The AFT has a special history upon which it can draw at this moment of democratic crisis. There are other labor unions that represent workers, and there are other organizations that represent teachers. But only the AFT stands directly at the intersection of public education and the trade union movement, both of which are so essential to the survival of democracy.
Throughout its 100-year history, the AFT has epitomized social justice unionism. That was true when early AFT members created the union’s motto: “Democracy in education; education for democracy.” It was true in the 1950s, when the AFT was the only education organization that filed an amicus brief to overturn segregation in Brown v. Board of Education. And it is true today, under Weingarten’s fight for “solution-driven unionism” that emphasizes the importance of teachers connecting with the communities they serve.44
Through a third of the AFT’s history—the 33 years from 1964–1997—Al Shanker lived and breathed social justice unionism as president of the AFT and United Federation of Teachers (UFT) in New York City. As I explain in my 2007 biography, Tough Liberal: Albert Shanker and the Battles Over Unions, Schools, Race, and Democracy,45 Shanker believed that teachers unions could be at the forefront of promoting a more democratic society in three distinct ways: by not only fighting for better wages and benefits for members, but also getting involved in politics and leading coalitions of educators to defend public education; by representing teachers, but also being part of the larger trade union movement that represents sheet metal workers, farm workers, and nurses; and by participating in larger progressive movements for civil rights at home and human rights abroad.*
Today, social justice unionism could update and expand on this proud history in three key areas. Simultaneously playing defense and offense, unions should be (1) fighting privatization and making sure public schools are more democratic; (2) defending unions from federal attack and championing state and local efforts to strengthen organized labor; and (3) supporting civil rights at home and human rights internationally, and extending notions of diversity to be more inclusive of disadvantaged people of all races.

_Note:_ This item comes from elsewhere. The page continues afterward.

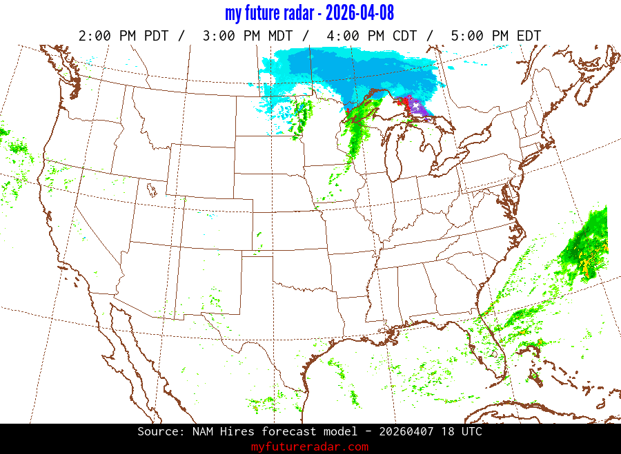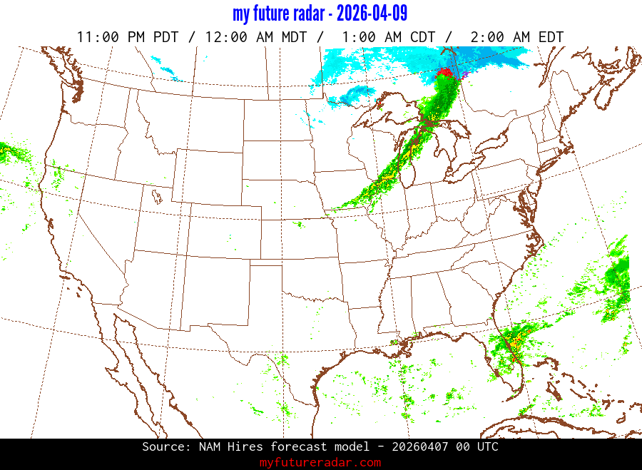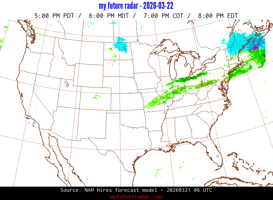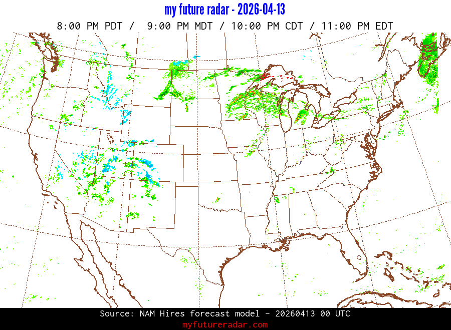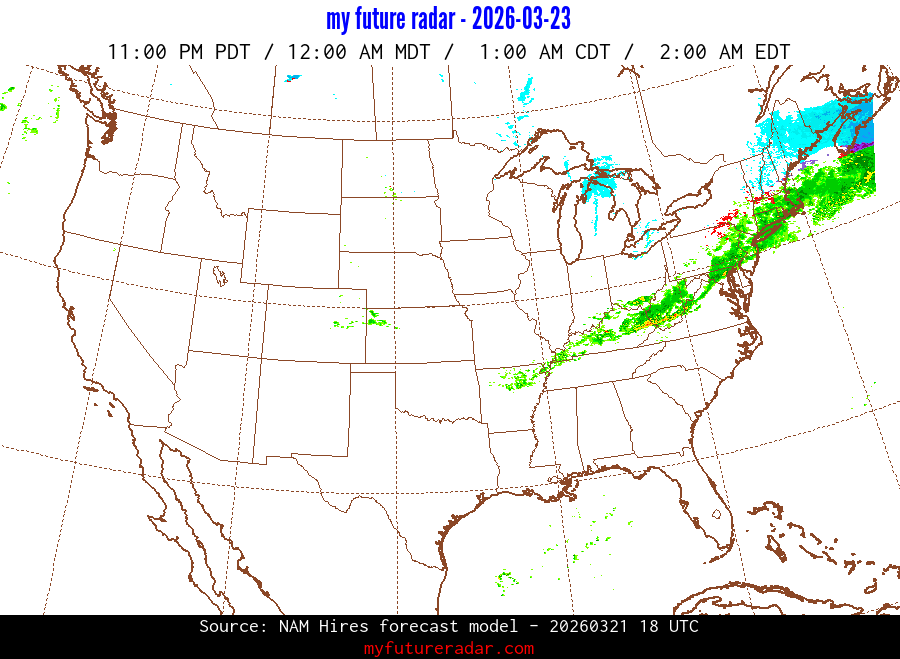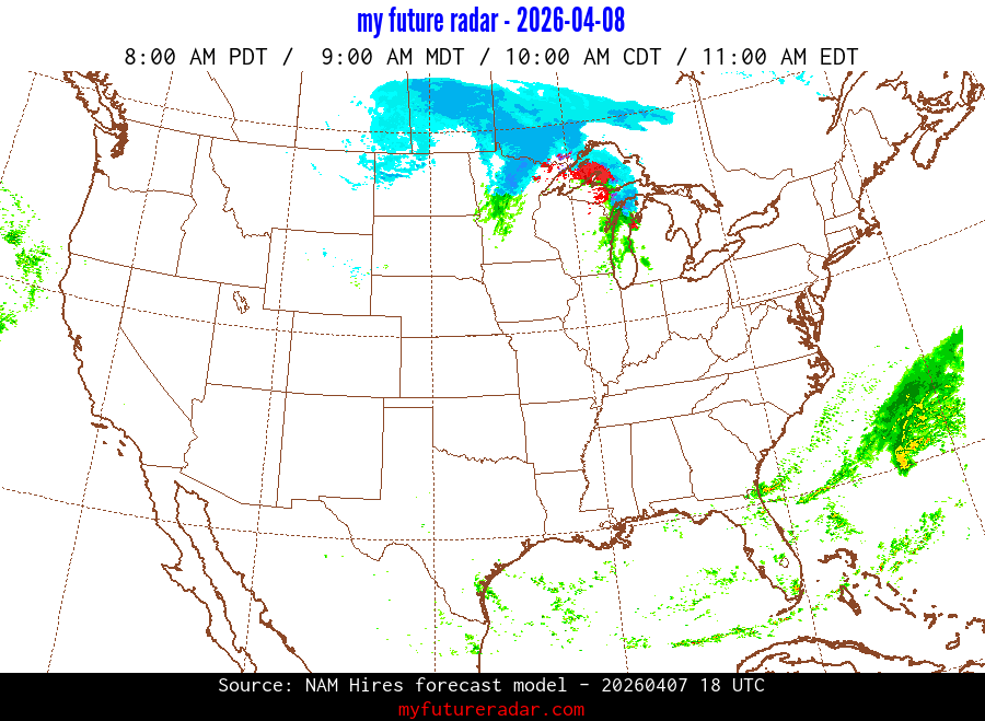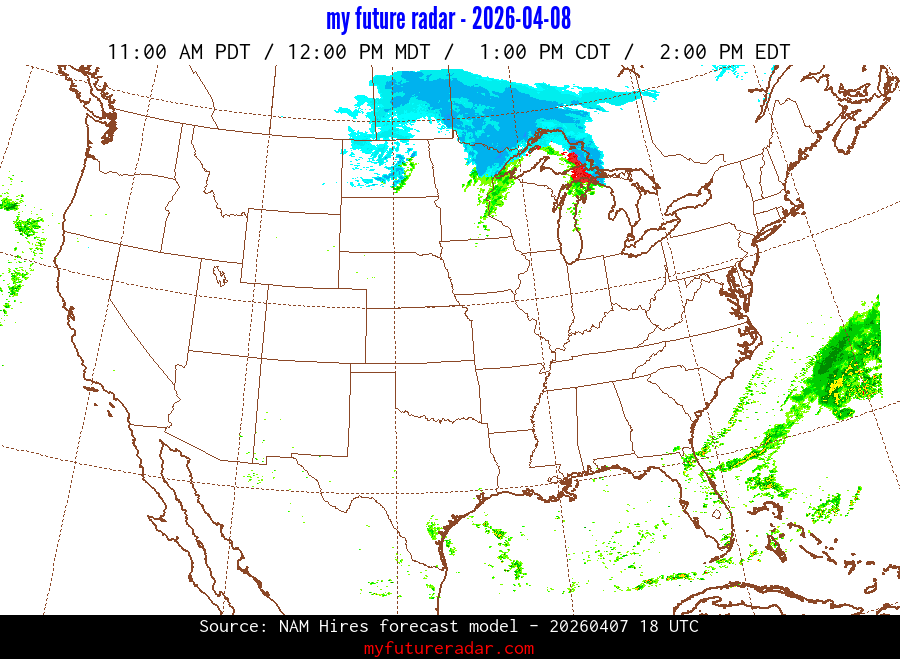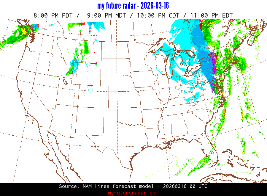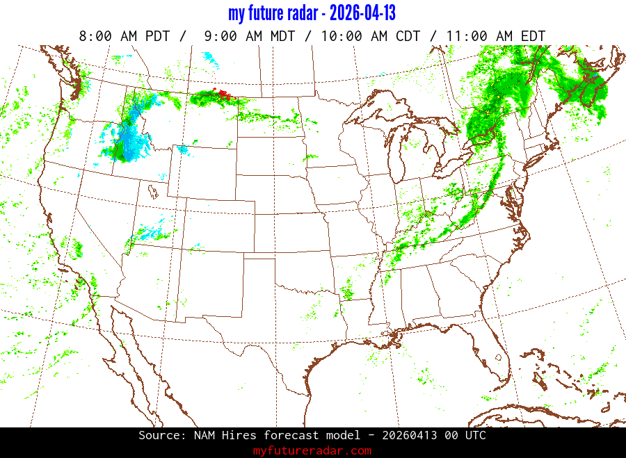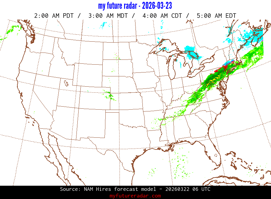 My Future Radar uses data from the Rapid Refresh and the NAM forecast models to provide simulated future radar imagery.

1. Strengthening Public Schools to Promote Democracy
Although public schools do a much better job of promoting democratic values than do private schools under a system of vouchers, social justice unionism should do more than just fight against privatization. In “Putting Democracy Back into Public Education,” former schools superintendent Clifford Janey and I outline a four-part strategy for making public schools more democratic: improving our civics curriculum, promoting school integration,† supporting community schools,‡ and enhancing teacher voice.
The first of these approaches addresses the “explicit curriculum” students are taught, while the last three influence the “implicit curriculum” of what students observe about their school environments. Do students have access to economically and racially integrated schools where they are treated equally, or are they segregated into separate and unequal schools or tracks within schools? Are the voices of parents and community members heard as a part of decision making, or do state takeovers and billionaire philanthropists who bankroll reform efforts call the shots? Are teachers involved in determining how schools are run, or do autocratic principals boss them around? These are all critical questions, because no matter what the explicit curriculum says about democracy, as union leader Adam Urbanski has noted, “You cannot teach what you do not model.”

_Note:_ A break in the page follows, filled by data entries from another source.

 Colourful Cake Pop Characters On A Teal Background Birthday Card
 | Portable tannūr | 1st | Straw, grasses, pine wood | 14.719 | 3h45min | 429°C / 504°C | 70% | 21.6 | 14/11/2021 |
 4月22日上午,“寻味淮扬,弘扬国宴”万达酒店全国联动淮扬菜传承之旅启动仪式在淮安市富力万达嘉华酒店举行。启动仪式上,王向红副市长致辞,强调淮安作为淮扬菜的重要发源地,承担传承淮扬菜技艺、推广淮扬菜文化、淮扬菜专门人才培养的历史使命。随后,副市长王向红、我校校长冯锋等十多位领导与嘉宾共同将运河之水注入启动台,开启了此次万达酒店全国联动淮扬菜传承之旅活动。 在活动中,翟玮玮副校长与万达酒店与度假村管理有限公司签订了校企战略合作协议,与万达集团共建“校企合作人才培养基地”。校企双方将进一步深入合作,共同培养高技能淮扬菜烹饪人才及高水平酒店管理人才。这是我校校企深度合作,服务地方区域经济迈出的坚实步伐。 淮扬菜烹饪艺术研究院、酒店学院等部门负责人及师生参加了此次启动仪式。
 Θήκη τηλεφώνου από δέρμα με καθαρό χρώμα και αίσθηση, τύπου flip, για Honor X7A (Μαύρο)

Strengthening History and Civics
To begin with, schools must do a much better job of directly enhancing students’ appreciation for liberal democratic values through the curriculum. Exposure to existing civics classes is not enough. Ninety-seven percent of 12th-grade students already report taking a civics or government class in high school.46 State policies on civics have not been found to be associated with greater informed political participation by young adults.47
But quality of instruction does matter. Research finds that “done right, school-based civic education can have a significant impact on civic knowledge,” notes William Galston of the Brookings Institution’s Governance Studies Program, and that such knowledge, in turn, “enhances support for democratic principles and virtues, promotes political participation, helps citizens better understand the impact of public policy on their concerns, gives citizens the framework they need to absorb and understand new civic information, and reduces generalized mistrust and fear of public life.”48
In 2003, the Albert Shanker Institute outlined a strategy for civics education that remains compelling today. The blueprint was endorsed by a wide variety of civil rights advocates, business and labor leaders, and public officials from various ideological backgrounds, who were all committed to supporting democratic values. Signatories included progressives such as Bill Clinton, Henry Cisneros, Wade Henderson, John Lewis, and Richard Riley, but also conservatives such as Frederick Hess, Harvey Mansfield, and Norman Podhoretz.49
The group eschewed relativism by declaring their conviction “that democracy is the worthiest form of human governance ever conceived.” They went on to suggest that because we are not born democrats, “we cannot take its survival or its spread—or its perfection in practice—for granted. We must transmit to each generation the political vision of liberty and equality that unites us as Americans, and a deep loyalty to the political institutions put together to fulfill that vision.”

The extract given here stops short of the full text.